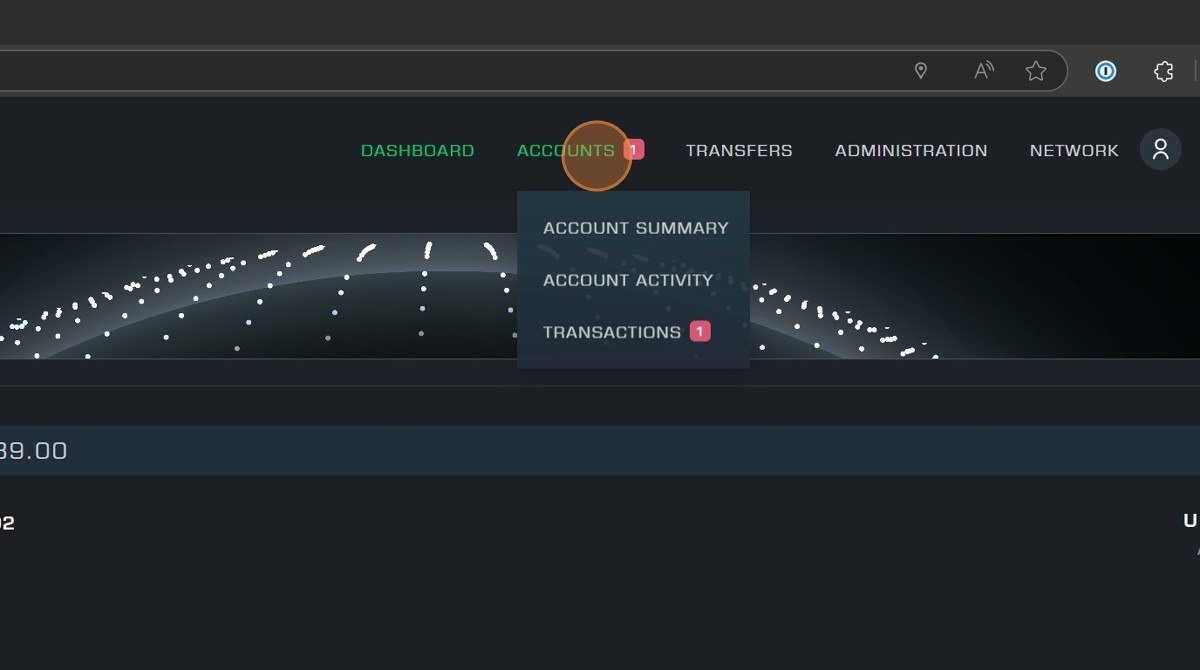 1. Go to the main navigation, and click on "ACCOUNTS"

--------------------------------------------------

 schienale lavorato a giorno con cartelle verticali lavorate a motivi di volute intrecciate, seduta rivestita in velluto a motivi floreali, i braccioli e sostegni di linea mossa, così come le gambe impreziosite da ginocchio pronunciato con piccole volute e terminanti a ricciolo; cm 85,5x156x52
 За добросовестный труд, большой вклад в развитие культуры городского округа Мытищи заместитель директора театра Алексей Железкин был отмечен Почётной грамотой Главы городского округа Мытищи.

--------------------------------------------------

Your assignment: Take from the material above the lines running from the one with "schienale lavorato a" through the one with "За добросовестный труд, большой", and repeat them exactly, with nothing else.

Worked solution:
 schienale lavorato a giorno con cartelle verticali lavorate a motivi di volute intrecciate, seduta rivestita in velluto a motivi floreali, i braccioli e sostegni di linea mossa, così come le gambe impreziosite da ginocchio pronunciato con piccole volute e terminanti a ricciolo; cm 85,5x156x52
 За добросовестный труд, большой вклад в развитие культуры городского округа Мытищи заместитель директора театра Алексей Железкин был отмечен Почётной грамотой Главы городского округа Мытищи.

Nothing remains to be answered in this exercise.